→ **Problem requirements**: Nothing but the pictures gets dropped; retype every entry exactly.

→ **Provided data**:
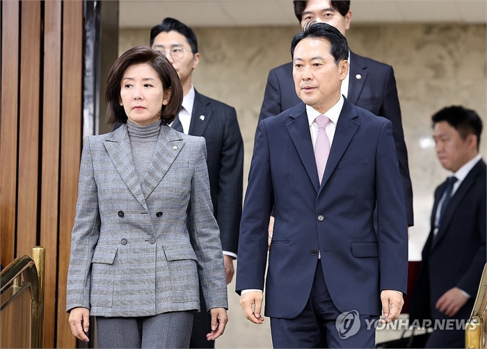 토론회 참석하는 장동혁 대표와 나경원 의원 (서울=연합뉴스) 이동해 기자 = 국민의힘 장동혁 대표와 나경원 의원이 24일 국회에서 열린 대장동 범죄수익환수 특별법 제정을 위한 긴급 토론회에 참석하고 있다. 2025.11.24 eastsea@yna.co.kr
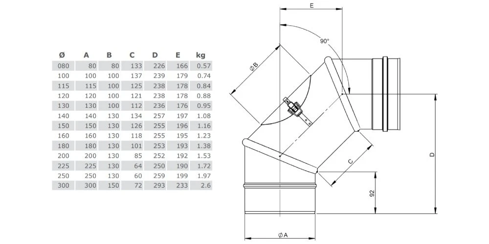 1x Winkel drehbar 0 – 90° mit Revisionsöffnung für System EW-FU von Jeremias
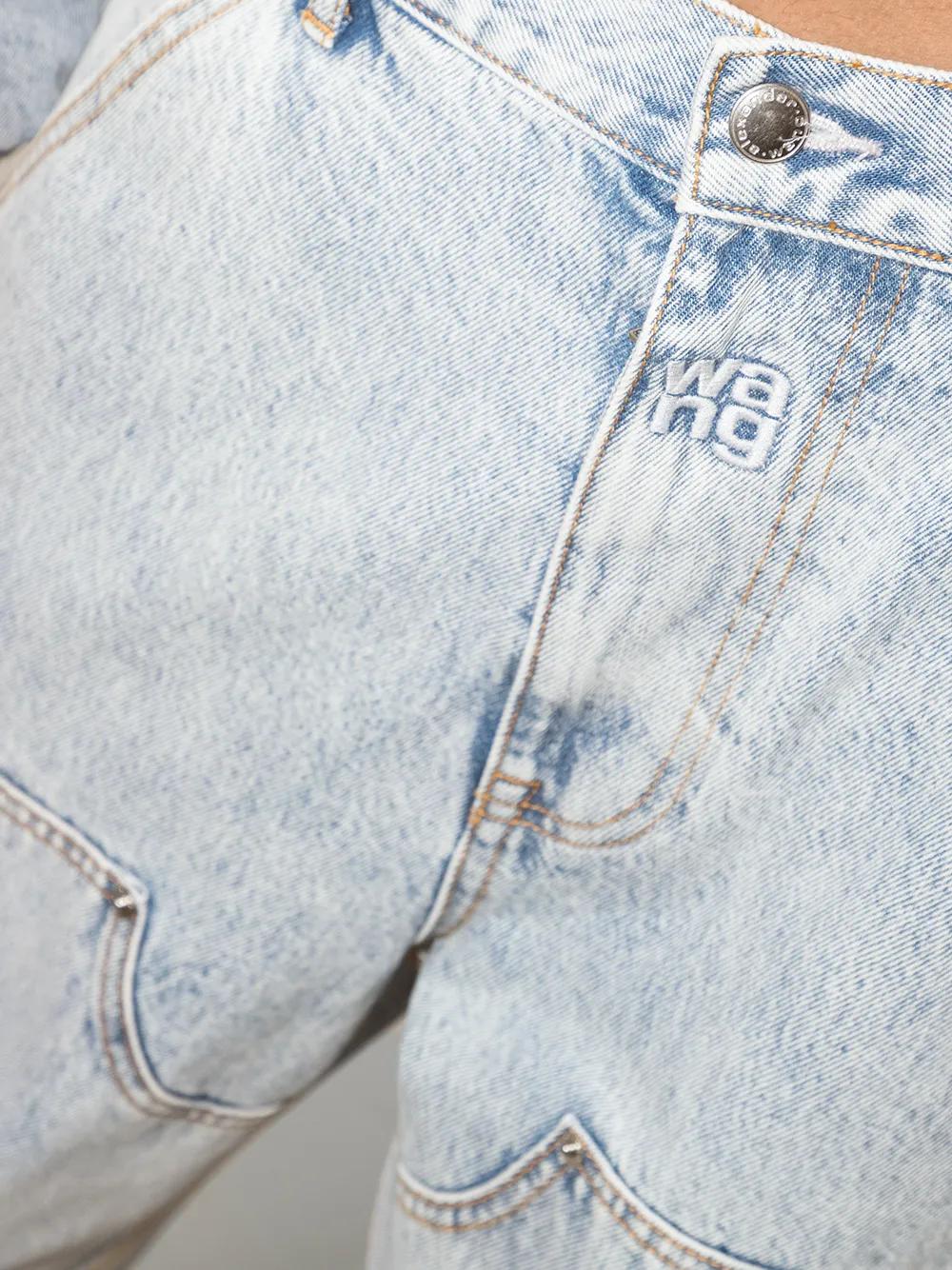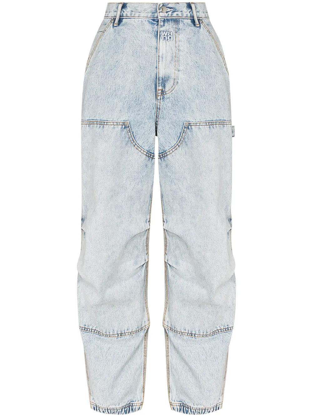 bleach blue cotton high-waisted button fly fastening belt loops embroidered logo to the front two side slit pockets two rear pouch pockets
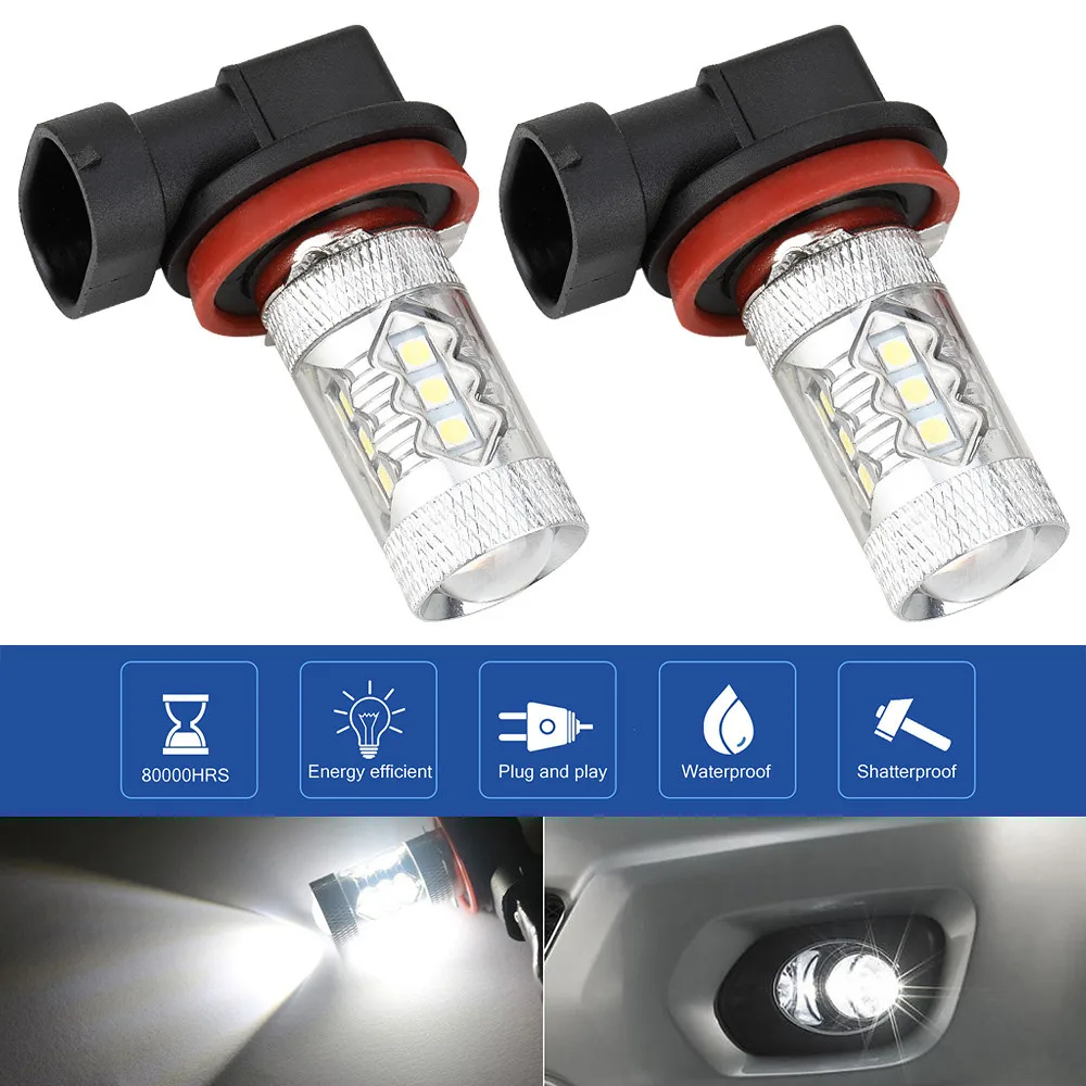 2pcs H8 H11 9005 9006 12V 100W 6000K White LED Car Fog Light Bulbs Highlighting Automobile LED Head
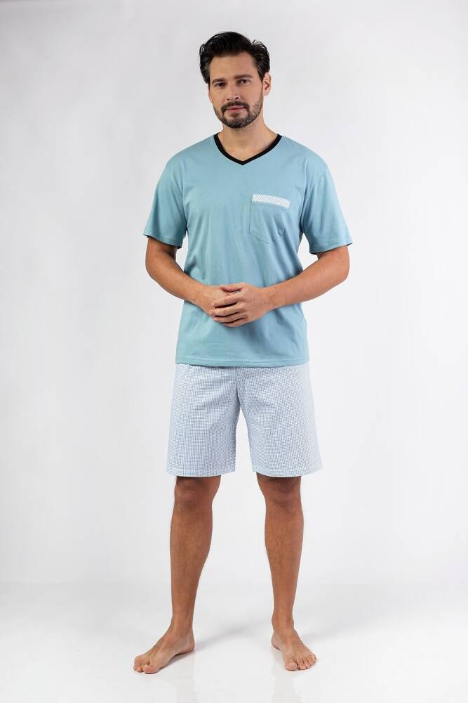 Piżama męska - koszulka z krótkim rękawem i małą kieszonką na piersi

→ **Written reply**:
 토론회 참석하는 장동혁 대표와 나경원 의원 (서울=연합뉴스) 이동해 기자 = 국민의힘 장동혁 대표와 나경원 의원이 24일 국회에서 열린 대장동 범죄수익환수 특별법 제정을 위한 긴급 토론회에 참석하고 있다. 2025.11.24 eastsea@yna.co.kr
 1x Winkel drehbar 0 – 90° mit Revisionsöffnung für System EW-FU von Jeremias
 bleach blue cotton high-waisted button fly fastening belt loops embroidered logo to the front two side slit pockets two rear pouch pockets
 2pcs H8 H11 9005 9006 12V 100W 6000K White LED Car Fog Light Bulbs Highlighting Automobile LED Head
 Piżama męska - koszulka z krótkim rękawem i małą kieszonką na piersi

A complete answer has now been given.